A self-taught woodworker and sculptor of thirty years, Parker’s portfolio includes birds made of violins, lamps made from clarinets, cello backpacks, and a series of cockroaches made from just about everything you can imagine (scrap metal, cut up basketballs, and yet another violin). His desk at Louisiana State University, where he has served as the School of Music’s Haymon Professor of Cello and String Chamber Music since 1988, is an upright piano turned horizontal and covered over with glass.
“Really there is no limit to what might go into these things,” Parker said. “Just about any piece of junk can somehow be rearranged or repurposed.” Trinkets and tchotchkes are gleefully sourced from thrift shops; spare wood rescued from the roadside on garbage day—all to be brought home to Parker’s shed and given a reimagined life.

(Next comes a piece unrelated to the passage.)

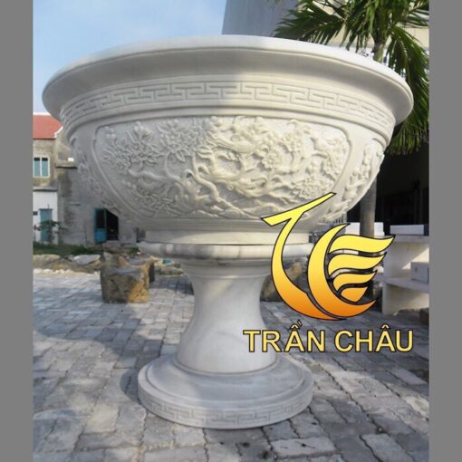 Chậu hoa bằng đá được chế tác với những đường nét tinh xảo hợp thời trang

“For the most part, I do this for catharsis,” he explained. “Just to wind up in this shed where I love to spend time for a certain number of hours at the end of the day, cutting things up and trying to make myself laugh a little bit.”

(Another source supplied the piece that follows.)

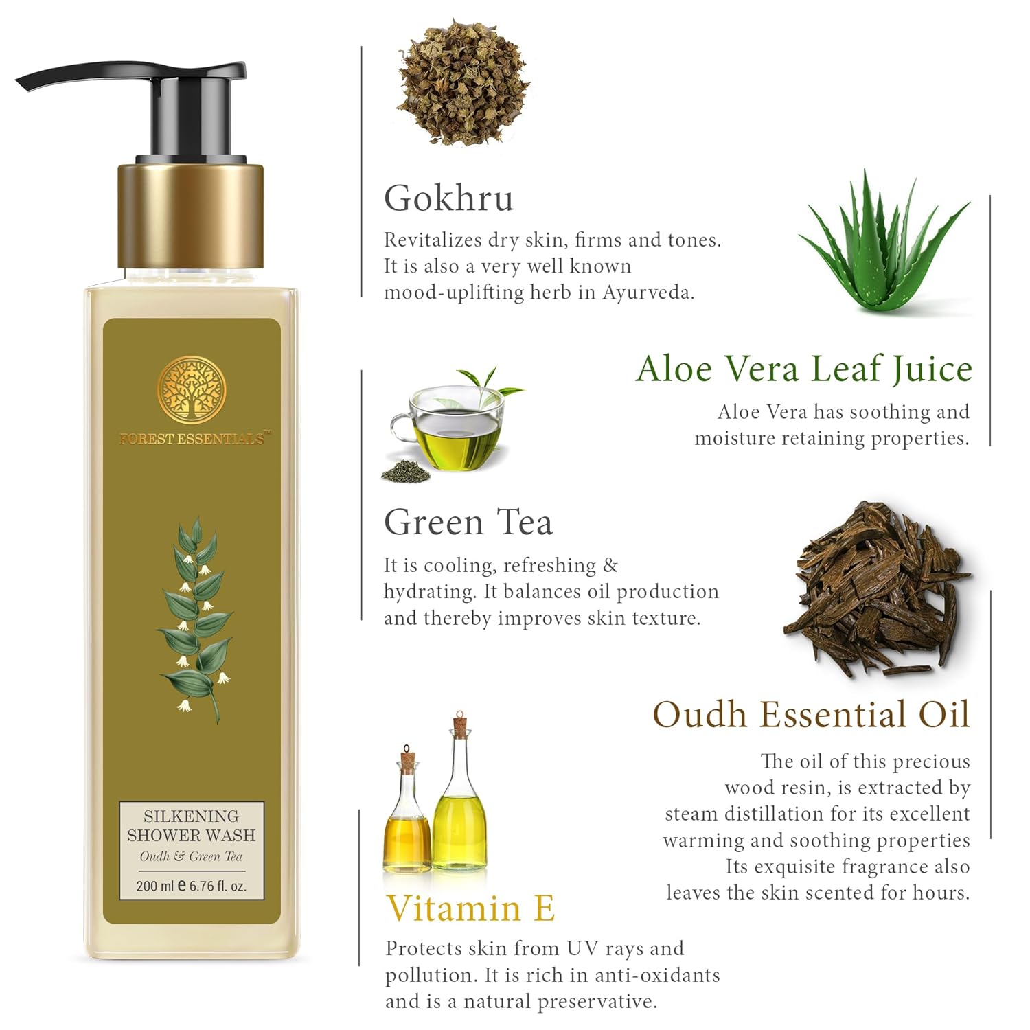 Forest Essentials Oudh And Green Tea Silkening Shower Wash, 200Ml

Music weaving its way into his practice was only natural, he said. “My mother is a pianist; my father is a violinist. I’ve been around instruments since the day I was born, and have always been inspired by their shapes, by their sounds, by their smells, just everything about them.” He emphasized he can’t stand to see unloved instruments sent to the incinerator, and frequently rescues them from music shops, thrift stores, and bored teenagers. “I try to give them a second life, using their parts and their shapes, which inherently are very beautiful.”
The two worlds of music and sculpture collide in other ways, too. The weekend he performed Richard Strauss’s Don Quixote in 2018, he went home and created an eclectic effigy—incorporating various metal scraps, a tiny seashell, the scroll of a string instrument, and a glass eyeball— named for the poem’s chivalric namesake. “And just the suggestion for the title of that unbelievably marvelous piece of music was enough to make me want to pay some sort of homage to it in an artistic way,” Parker said.
More often, though, the materials themselves inspire Parker’s process— which combines intuition, whimsy, and impulse in joining disparate objects into a three-dimensional story of sorts. “I always try to find humorous ways to draw these things together,” he said. The “Antique Barbie Juicer,” for instance, is an antique juicer with a Barbie head attached, her hair held back by a claw clip. A violin’s body attached to a fishing pole is called “To Practice or to Go Fishing. That is the Question.” One of his music boxes is adorned by a white ceramic mule, with a price tag of $1.99 still attached. It’s titled, “Cheap White Ass Music Box”.
Then, there are the roaches: “People probably look at me like I’m some sort of freak,” Parker laughed. “Like, ‘Why the hell are you making cockroaches?’ I’ve made hundreds of them. But working in Louisiana in a shed, you have to learn to be almost oblivious to these cockroaches flying in and out the door. Over time, they’ve actually become kind of an inspiration, like we are cohabitants of Louisiana.”
A stark opposition to the strict, perfectionist world of music performance— Parker’s sculptures, he said, offer him an outlet that is purely creative and fun. “When you do something like this, you can kind of look at it at the end of the day, and say, ‘Hey I sort of like that, and I can leave it alone. I don’t need to be critical of it. And if no one else likes it, there’s no problem.’”
Even so, he admitted that he never really considers his sculptures “done”. “Very often, I’ll go back to a piece I made ten years ago and redo it. Most of these things are sort of works in progress. Always, you know? Like, forever.”